As for the go to market strategy, Colina’s initial target audience was CrossFit gyms and power yoga studios, where he quickly gained traction, followed by Whole Foods, which was a great testing ground, he said. “We’re expanding to the full mid-Atlantic region of Whole Foods in March next year, and after a pilot in 100 Kroger stores in Ohio earlier this year, we quickly became the number one or two selling products in our category of natural energy, so we are expanding very very aggressively with Kroger in 2019 as well.”

The direct to consumer business is also gathering pace, where a large percentage of customers use the subscription option and buy regularly, said Colina, who has raised a couple of friends and family rounds and did his first larger raise with angel investors this year.

Anthony Almada: The branding refers to athletic and muscular performance recovery, but the data does not support this

Anthony Almada, president and CSO at nutritional technology consultancy IMAGINutrition, told FoodNavigator-USA that if people are feeling any benefit from drinking 02 Natural Recovery it is most likely from the caffeine (two of the four SKUs have 140mg of caffeine).

"The website and the branding refers to athletic and muscular performance recovery, but the data [they cite, which is on ethanol processing in the liver] does not support this. This is not being pitched to drinkers, it's being pitched at the CrossFit community."

He also noted that the Finnish researchers who conducted the 1978 study on monkeys cited by Colina (which suggested that super-oxygenated water could eliminate ethanol more rapidly) published a human study a year later that showed no effect, with the researchers noting that, "In humans, the elimination rate of ethanol was not changed by oxygenated drinks."

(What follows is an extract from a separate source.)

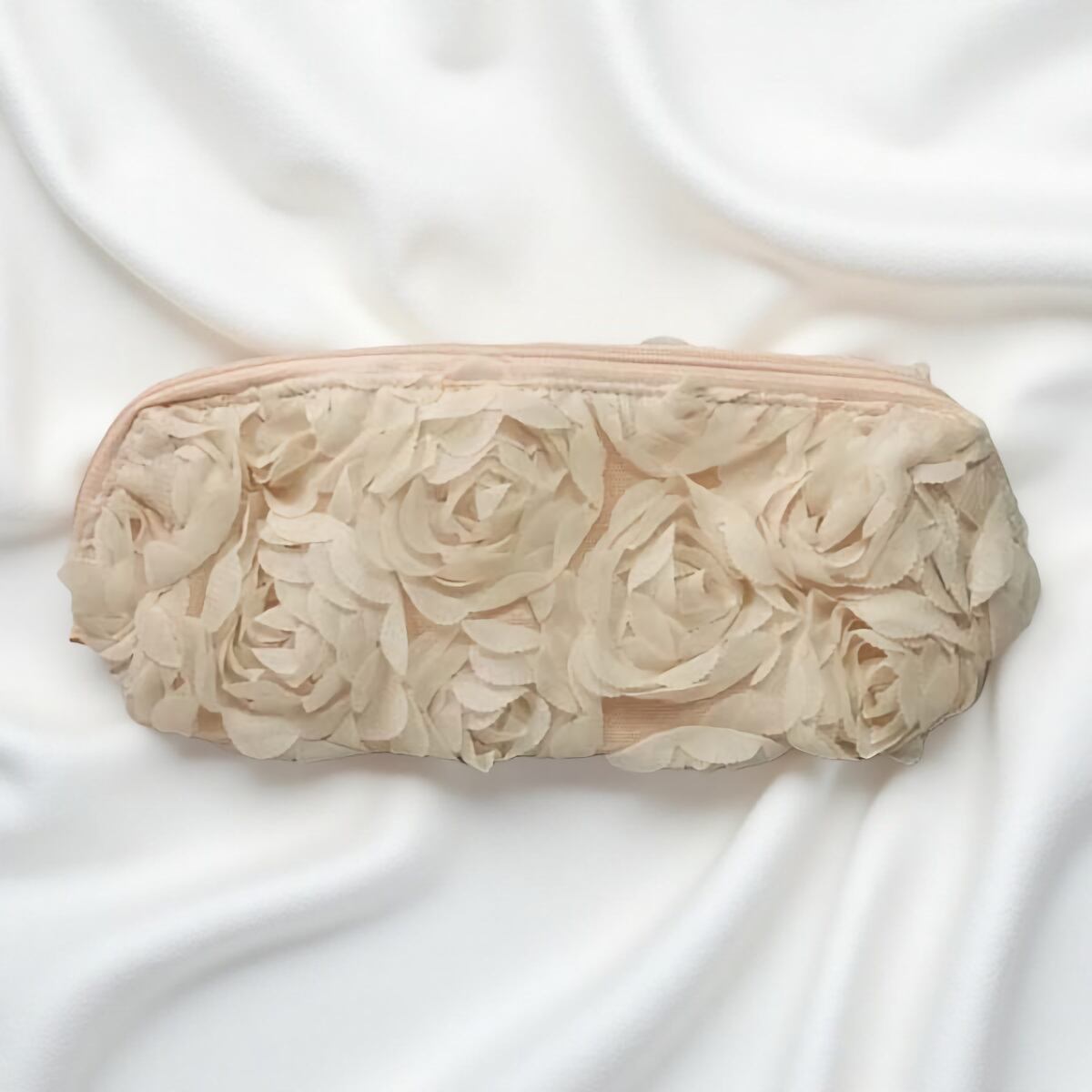 表面全体に淡いピンクの薔薇がちりばめられたエレガントなポーチ。

However, a study on 15 human subjects published in the journal Alcohol in 2013, indicated that the combination of drinking dissolved oxygen in alcoholic beverages and oxygenated drinking water accelerated the decrease in blood alcohol content after consuming a large amount of alcohol.

The researchers did not test the effect of drinking 'normal' (ie. un-oxygenated) alcohol followed by oxygenated water, adding: "We postulate that highly oxygenated water augments the effect of oxygen in the alcoholic beverage in alcohol elimination. Therefore, it is necessary to investigate the supportive effect of ingesting additional oxygenated water after heavy drinking of normal alcoholic beverages."

Lactate clearance

Asked about the two lactate clearance studies Colina found 'intriguing," Almada said: "The first study did not measure lactate clearance; they measured only changes in blood lactate, an indirect measure plagued by misinterpretations. The second study used a water that was processed specifically and has a very different electrolyte profile; it did not mention the word 'lactate' anywhere in the article."

*”We test the oxygen levels in our cans coming off the line and they are anything between 35 and 55 ppm which is 7-10x tap water and that saturation will hold as long as the liquid isn’t left out for a long period,” said Colina.

** Hyvärinen J, Laakso M, Sippel H, Roine R, Huopaniemi T, Leinonen L, Hytönen V. 1978. Alcohol detoxification accelerated by oxygenated drinking water. Life Sci.Feb;22(7):553-9.  

Baek IH, Lee BY, Kwon KI. 2010. Influence of dissolved oxygen concentration on the pharmacokinetics of alcohol in humans. Alcohol Clin Exp Res. May;34(5):834-9.

In this 2010 study, a team of Korean researchers showed increased rates of ethanol elimination after ingestion of superoxygenated alcohol at 20ppm and 25ppm as compared to a control at 8ppm oxygen (tap water typically has c.7-8 ppm oxygen).  

O2 has an oxygen content more than twice that of the most highly oxygenated solution in the study above, notes the company.